First, we need to split the data into silent and sound films and re-arrange the new data frames into a wide format.
# Split the data frame containing th quantiles for each Hitchcock film into silent and sound films
df_split <- df_Hitchcock_quantiles %>%
group_by(type) %>%
group_split()
# Create data frames for each type of film and re-arrange to a wide format
df_Hitchcock_silent <- df_split[[1]] %>%
pivot_wider(names_from = quantile, values_from = SL)
df_Hitchcock_sound <- df_split[[2]] %>%
pivot_wider(names_from = quantile, values_from = SL)
| film | type | 0.05 | 0.1 | 0.15 | 0.2 | 0.25 | 0.3 | 0.35 | 0.4 | 0.45 | 0.5 | 0.55 | 0.6 | 0.65 | 0.7 | 0.75 | 0.8 | 0.85 | 0.9 | 0.95 |
|---|---|---|---|---|---|---|---|---|---|---|---|---|---|---|---|---|---|---|---|---|
| Blackmail (1929) | Sound | 1.6 | 1.9 | 2.2 | 2.5 | 2.8 | 3.3 | 3.8 | 4.3 | 4.9 | 5.5 | 6.5 | 7.6 | 9.0 | 10.8 | 12.7 | 15.2 | 19.0 | 26.5 | 42.9 |
| Murder (1930) | Sound | 1.0 | 1.3 | 1.5 | 1.9 | 2.2 | 2.6 | 3.1 | 3.5 | 4.1 | 4.8 | 5.8 | 7.1 | 8.7 | 11.3 | 15.3 | 19.8 | 25.8 | 35.1 | 53.4 |
| The Skin Game (1931) | Sound | 1.0 | 1.2 | 1.5 | 1.8 | 2.2 | 2.5 | 2.9 | 3.5 | 4.1 | 5.0 | 5.8 | 6.7 | 8.2 | 10.3 | 14.7 | 21.8 | 31.0 | 52.2 | 97.3 |
The function to calculate the pairwise quantile differences, qdiff, is simple.

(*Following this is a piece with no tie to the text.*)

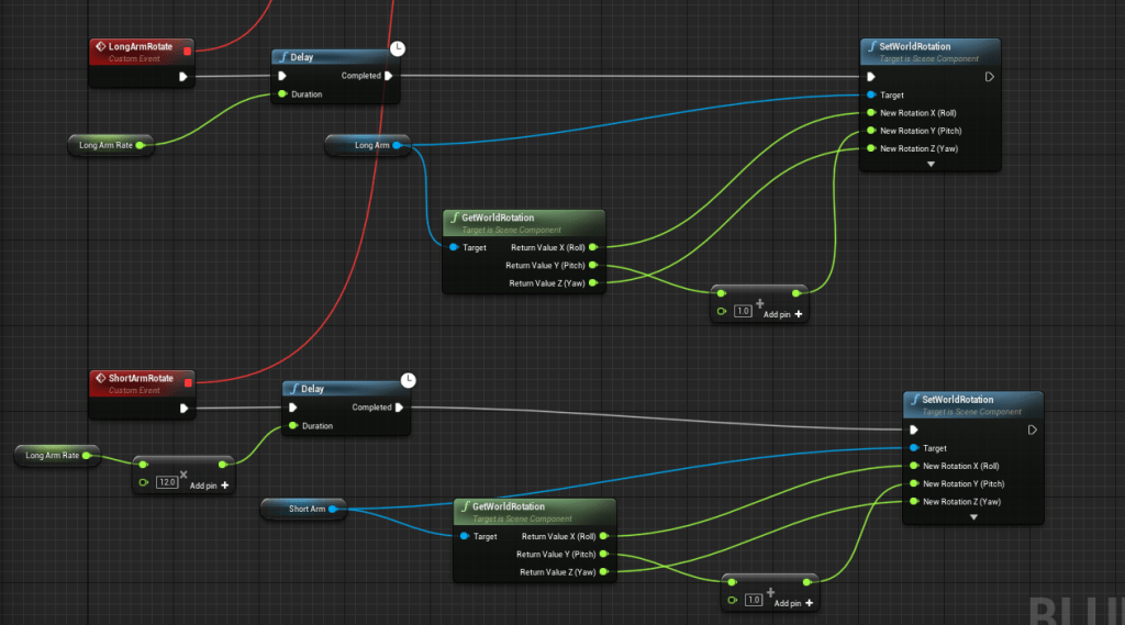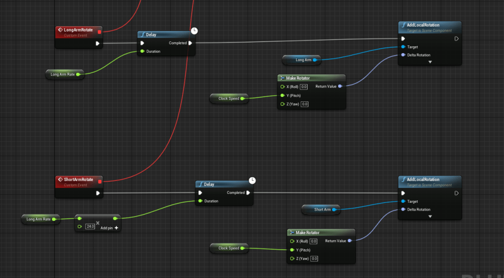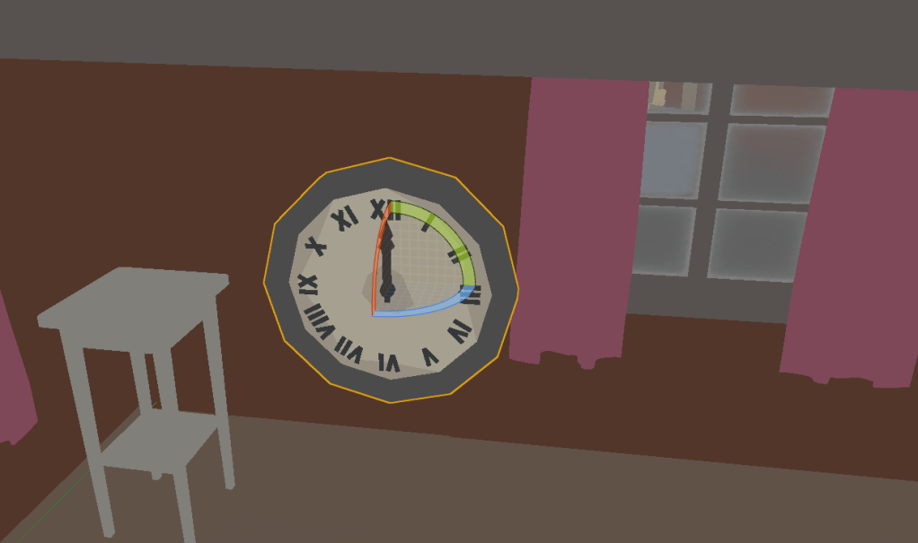 I spent a decent amount of time working on the clock with it’s moving arms. I’m not sure what benefits I will get from having the arms move quite realistically. Meaning that the speed at which they move is almost the same as they would in the real world. So when the short hand is at 2 then the long hand is at 12. It’s not right on the dot but it is close enough for my liking. The great thing about this is that there are so many ways it could be done. I went with simply having a different rate at which the rotation of the long arm and short arm rotate. There is a bug in the engine with adding to the relative or world rotation, but adding to the local rotation did the trick.

The function takes two matrices of quantiles as inputs and assumes the matrices have equal shapes and that the step in the quantiles are equal. The argument p is the step increase for the quantiles, which in this case is 0.05.
qdiff <- function(x, y, p = 0.05){
df <- data.frame()
for (i in 1:dim(x)[2]){
diff <- as.vector(outer(x[, i], y[, i], '-'))
q <- i * p
df_a <- cbind(rep(q, length(diff)), diff)
df <- rbind(df, df_a)
}
colnames(df) <- c("quantile", "difference")
return(df)
}
To apply the qdiff function to the data for silent and sound films we first drop the columns containing the film title and type because these will not be used in the calculations and convert the data format to a matrix, the input type expected by the function.
# Arrange the data and convert to matrix
df_Hitchcock_silent <- df_Hitchcock_silent %>%
select(-c(film, type)) %>%
as.matrix()
df_Hitchcock_sound <- df_Hitchcock_sound%>%
select(-c(film, type)) %>%
as.matrix()
# Calculate the quantile differences
df_Hitchcock_q_diff <- qdiff(df_Hitchcock_sound, df_Hitchcock_silent)
| quantile | difference |
|---|---|
| 0.05 | 0.4 |
| 0.05 | -0.2 |
| 0.05 | -0.2 |
| 0.05 | -0.1 |
| 0.05 | -0.6 |
| 0.05 | 0.2 |
Now to plot the distributions of the differences:
ggplot(data = df_Hitchcock_q_diff,
aes(x = difference, group = as.factor(quantile), colour = as.factor(quantile))) +
geom_density(size = 0.6) +
labs(title = "Quantile differences", x = "Difference (s)", y = "Density") +
scale_x_continuous(limits = c(-10, 90), breaks = seq(-10, 90, 10)) +
scale_y_continuous(limits = c(0, 1.25), breaks = seq(0, 1.25, 0.25)) +
scale_colour_viridis(name = "Quantile",
labels = c("0.05","0.10","0.15","0.20","0.25","0.30","0.35",
"0.40","0.45","0.50","0.55","0.60","0.65","0.70",
"0.75","0.80", "0.85","0.90", "0.95"),
discrete = TRUE, direction = -1) +
guides(colour = guide_legend(ncol = 2)) +
theme(legend.key.width = unit(0.6, "cm"),
legend.key.height = unit(0.4, "cm"),
legend.position = c(0.75, 0.595),
legend.title = element_text(size = 10),
panel.grid.minor = element_blank(),
axis.title = element_text(size = 10, face = "bold"),
plot.title = element_text(size = 12, face = "bold"),
panel.background = element_rect(fill = "gray85"))
Figure 4B: Difference distributions for pairwise differences between quantiles of shot length distributions of films directed by Alfred Hitchcock, 1927-1932. Positive differences indicate that quartiles the sound films in the sample are higher than those of the silent films.
Summary
If our goal is to understand differences in shot lengths as differences in style between films, the quantile approach described in my article and demonstrated in this tutorial is simple and intuitive to understand and accurately describes the nature of the differences between these shot length distributions and the size of those differences.